Optimizing insect metabarcoding using replicated mock communities
Peer reviewed, Journal article
MetadataShow full item record
- Scientific articles 
Original versionMethods in Ecology and Evolution. 2023, 14 (4), 1130-1146. 10.1111/2041-210X.14073
Metabarcoding (high-throughput sequencing of marker gene amplicons) has emerged as a promising and cost-effective method for characterizing insect community samples. Yet, the methodology varies greatly among studies and its performance has not been systematically evaluated to date. In particular, it is unclear how accurately metabarcoding can resolve species communities in terms of presence-absence, abundance and biomass. Here we use mock community experiments and a simple probabilistic model to evaluate the effect of different DNA extraction protocols on metabarcoding performance.

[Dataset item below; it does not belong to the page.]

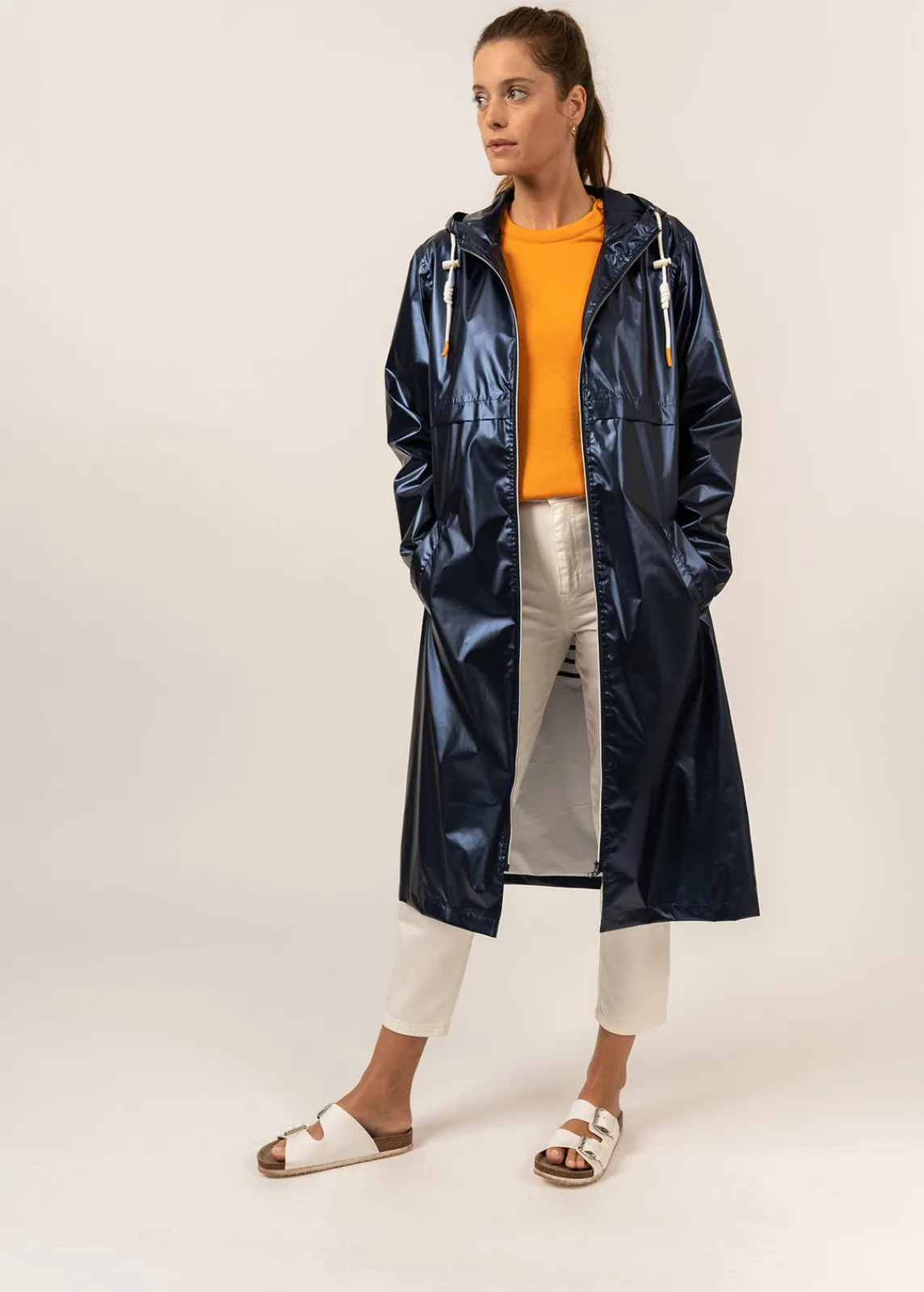 Avec sa longueur et son tissu effet métal, le ciré Ste Louna est une pièce urbaine, chic et féminine. On aime ses manches resserrées ainsi que ses poches à boutons pressions, qui apportent dynamisme et allure à l’ensemble. A l’intérieur, une doublure en coton rayé rappelle nos iconiques marinières.- Veste longue waterproof

Specifically, we ask four questions: (Q1) How consistent are the recovered community profiles across replicate mock communities?; (Q2) How does the choice of lysis buffer affect the recovery of the original community?; (Q3) How are community estimates affected by differing lysis times and homogenization? and (Q4) Is it possible to obtain adequate species abundance estimates through the use of biological spike-ins? We show that estimates are quite variable across community replicates. In general, a mild lysis protocol is better at reconstructing species lists and approximate counts, while homogenization is better at retrieving biomass composition. Small insects are more likely to be detected in lysates, while some tough species require homogenization to be detected. Results are less consistent across biological replicates for lysates than for homogenates. Some species are associated with strong PCR amplification bias, which complicates the reconstruction of species counts. Yet, with adequate spike-in data, species abundance can be determined with roughly 40% standard error for homogenates, and with roughly 50% standard error for lysates, under ideal conditions. In the latter case, however, this often requires species-specific reference data, while spike-in data generalize better across species for homogenates. We conclude that a non-destructive, mild lysis approach shows the highest promise for the presence/absence description of the community, while also allowing future morphological or molecular work on the material. However, homogenization protocols perform better for characterizing community composition, in particular in terms of biomass.